As for the future, Gold said, “I would really like to see our recommendations implemented and the issue being given a higher priority, particularly since I think there's much that can be done without spending a lot of money. And those are resources unfortunately NASA lacks, it's in a very difficult budget situation.”
The misalignment of priorities is key. A scarcity mindset toward funding has probably been part of NASA culture since the moon landings stopped. Scientists of all stripes have their preferred wish list that they would like NASA to prioritize, and all the jockeying that entails (moon landings vs. Mars missions vs. the space station; robots vs. human space exploration; atmospheric studies vs. technosignatures; astrobiology on Europa vs. Enceladus vs. Venus; deep space telescopes vs. asteroid retrievals, and on and on). There’s only enough money to do a fraction of what everyone at NASA wants to do. Adding UAP to the list is a big ask. Only a small minority are asking for it, while the majority do not even take the issue seriously. The underlying science is sparse, and there are no guarantees of a future return on investment. What the astronomer and astrobiologist Adam Frank said last year about scientists’ reluctance to study UFOs is true for NASA: “to take on a new project, you don't just dip in and dip out. It's literally, you're betting your life. To change topics, you're going to spend a year, five years, a decade…. Scientists are just like, ‘You're asking me to spend decades of my life on something that's going to end up, I'm going to find out that somebody was hoaxing or that the data wasn't very good.”999
But with any new field of science, you have to start somewhere, and this is what Gold advocated for while on the Study Team, forming an office within NASA that would become an institutional beachhead from which the field of UAP science could spread. “Something very modest, maybe it's just a couple of people that would be dedicated to it,” he told me, adding, “we could do something small, and I think the issue is important enough to justify it.” UAP only made it onto the very bottom of NASA’s long list of priorities in 2022 and 2023 because Bill Nelson was one of the few people, like Gold, for whom UAP was a personal priority. In the end, it seems, this was not enough to make the effort sustainable.

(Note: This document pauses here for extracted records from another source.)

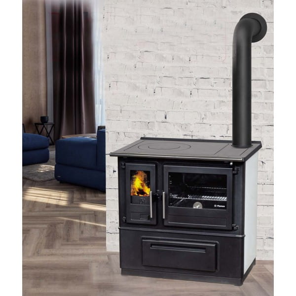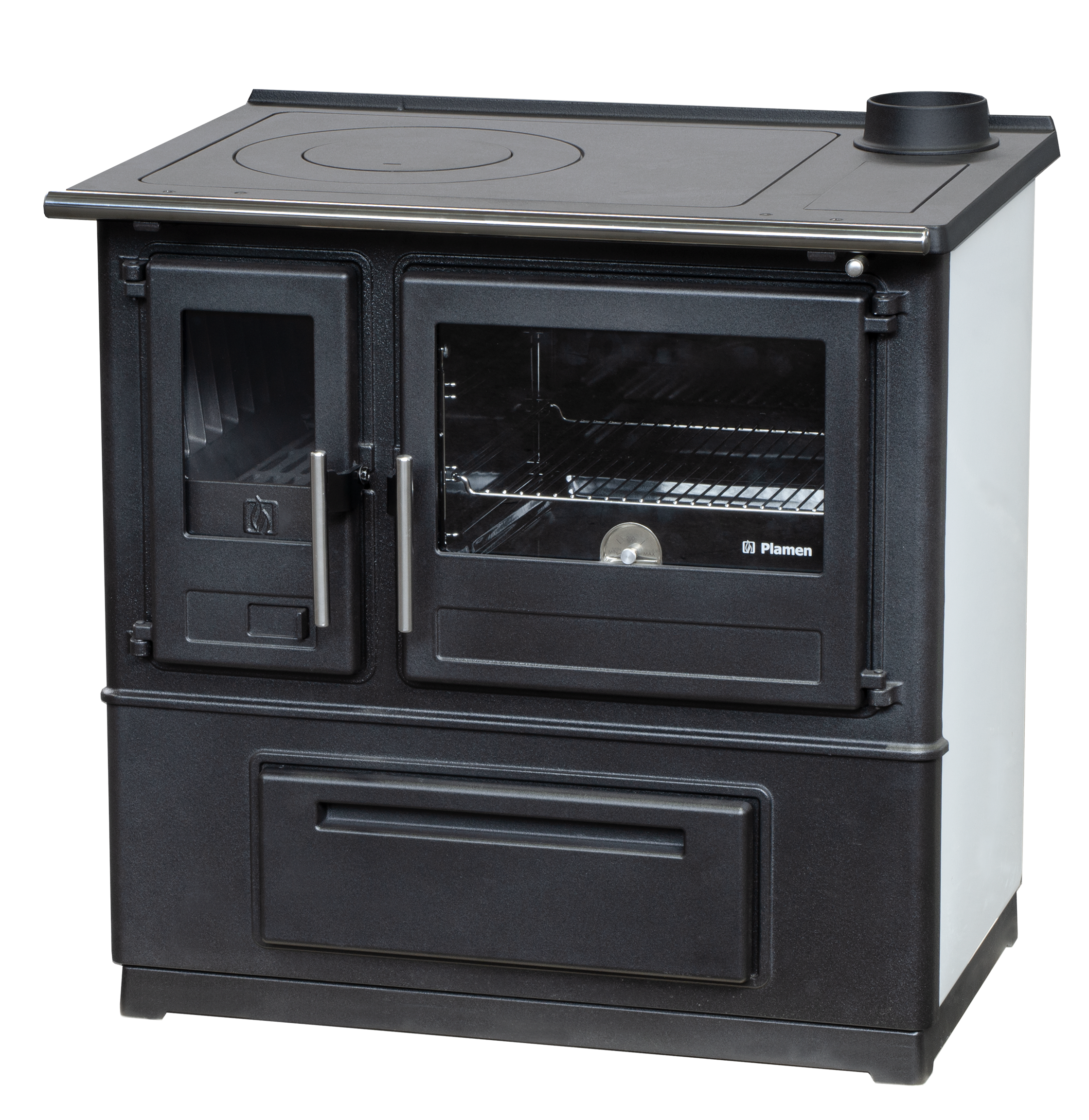 Kuchnia Slavonac N prawa z piekarnikiem na drewno drzew liściastych. Piec kuchenny o nominalnej mocy 8 kW jest jedną kilku kuchenek firmy PLAMEN, które mogą w idealny sposób zaspokoić Państwa potrzeby. Skonstruowana jest tak, aby zaspokajać podstawowe potrzeby grzewcze jednego rodzinnego domu lub mieszkania. Kuchenka przeznaczona jest do gotowania, pieczenia, smażenia i grzania, jako piec stacjonarny, służy do ogrzewania pomieszczenia. SLAVONAC N łączy tradycyjne wartości z nowoczesną technologią. Nowa konstrukcja kuchenki na drewno z wieloletnią tradycją w przygotowaniu potraw zapewni wymagane bezpieczeństwo, ciepło i trwałość. Najwyższa jakość, wysoka wydajność i nowoczesny design sprawiają, że ten produkt to właściwy wybór dla Twojego domu. Możliwość podłączenia do komina od góry i od tyłu.
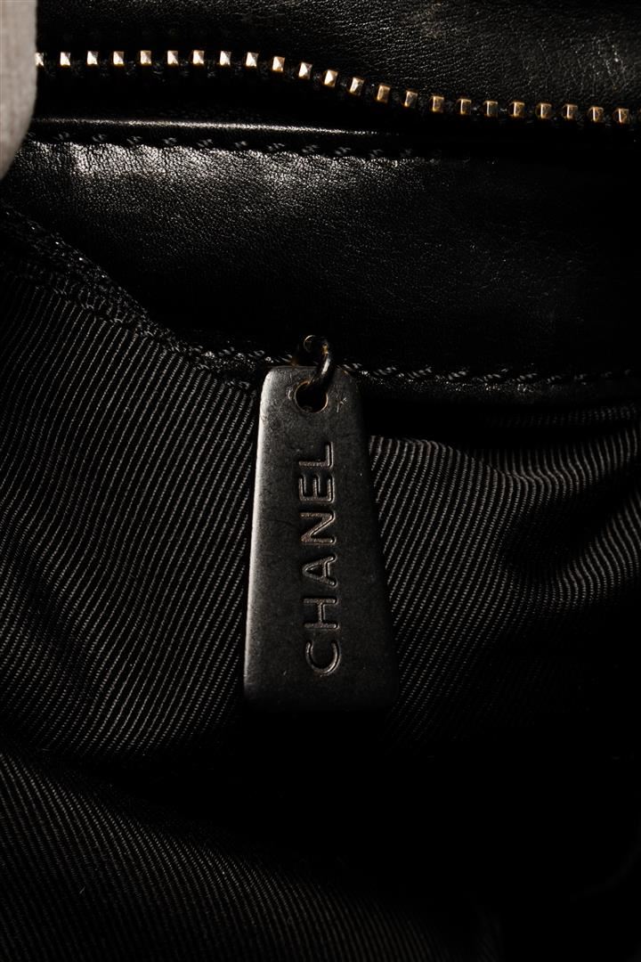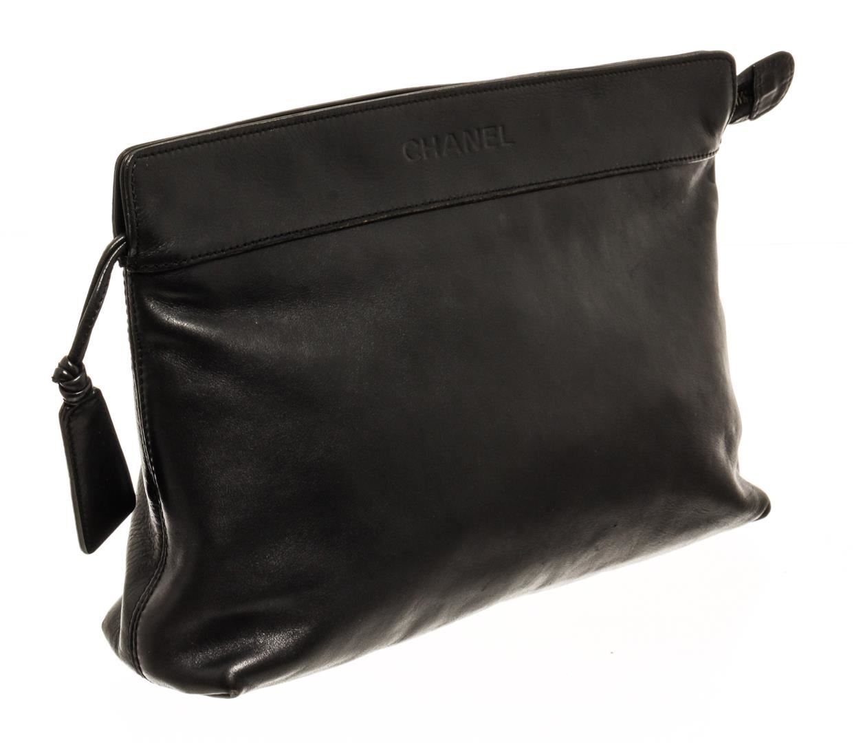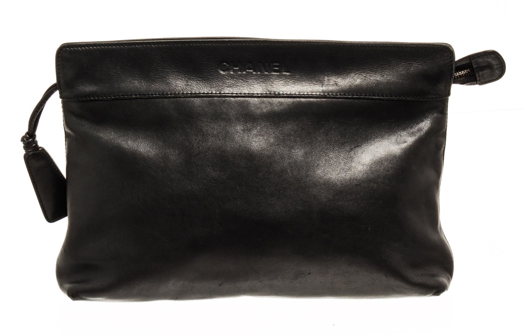 One Chanel Vintage Black Lambskin Medium Logo Zip Clutch. Item is sold AS-IS. All available information is listed in the description and shown in the photo. Chanel vintage black lambskin medium logo zip clutch with lambskin exterior, black fabric lining, silver-tone hardware, and zipper closure. Condition: odor in interior, heavy wear, creasing and scuffs on exterior, peeling and splitting on the opening corner, glue stains along opening edges, wear and stains in interior, scratches, discoloration, and tarnish on hardware.
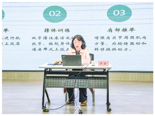 随后,李静结合临床经验,逐一讲解脊柱脊髓损伤、骨折、手外伤等职场常见工伤,摒弃专业术语,将康复规范、护理技巧拆解为“家常话”,让观众听得懂、用得上。她坚持“理论+实操”结合,针对真实案例讲解工伤康复要点,从防护装备佩戴到日常姿势调整,细节讲解细致入微;同时演示简单家庭康复动作,强调康复训练的循序渐进、无痛原则,提醒需在专业指导下进行,避免二次伤害,并着重强调“预防优先、科学康复、全程干预”的原则。
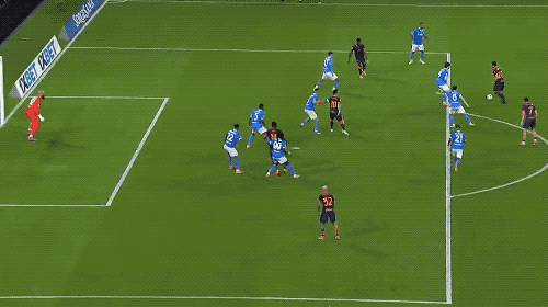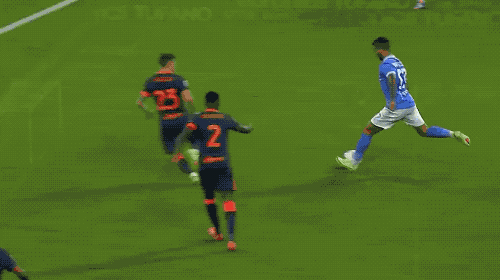 第66分钟,那不勒斯前场连续一脚传球,安古伊萨一个节奏的变化摆脱防守,斜射破门。

That said, Gold was cautiously optimistic that the next administration would pick up the ball where the Study Team left it. We spoke on January 7, 2025, two weeks before President Biden would hand the Executive Branch back to Donald Trump, and Bill Nelson would leave NASA to Trump’s appointee, not to mention turnover in DoD/IC leadership, who would have a large say in the classification levels of any UAP data. Gold’s optimism was based on no more inside knowledge than what you read in the newspaper, that Trump was bringing into his cabinet “people who are strong supporters of disclosure and have been involved in UAP,” such as Marco Rubio. He said, “my hope is that with the incoming administration at NASA, across the government, that the issue will be taken more seriously, and one of the things that should be done is implementing what I believe are relatively modest, common sense, low-cost recommendations of the UAP independent study team.” To what extent this optimism will pan out will be the thing to watch in 2025 and 2026. All we know is that the optimism of 2023 did not pan out in 2024.
I will let Gold sum up the UAP situation at NASA in 2024: “I felt good about the fact that there was an individual [McInerney] assigned to it. I'm now concerned that that individual is no longer assigned to support UAP, but remain hopeful that under the new administration, government wide, not just at NASA, that the issue will be taken much more seriously.”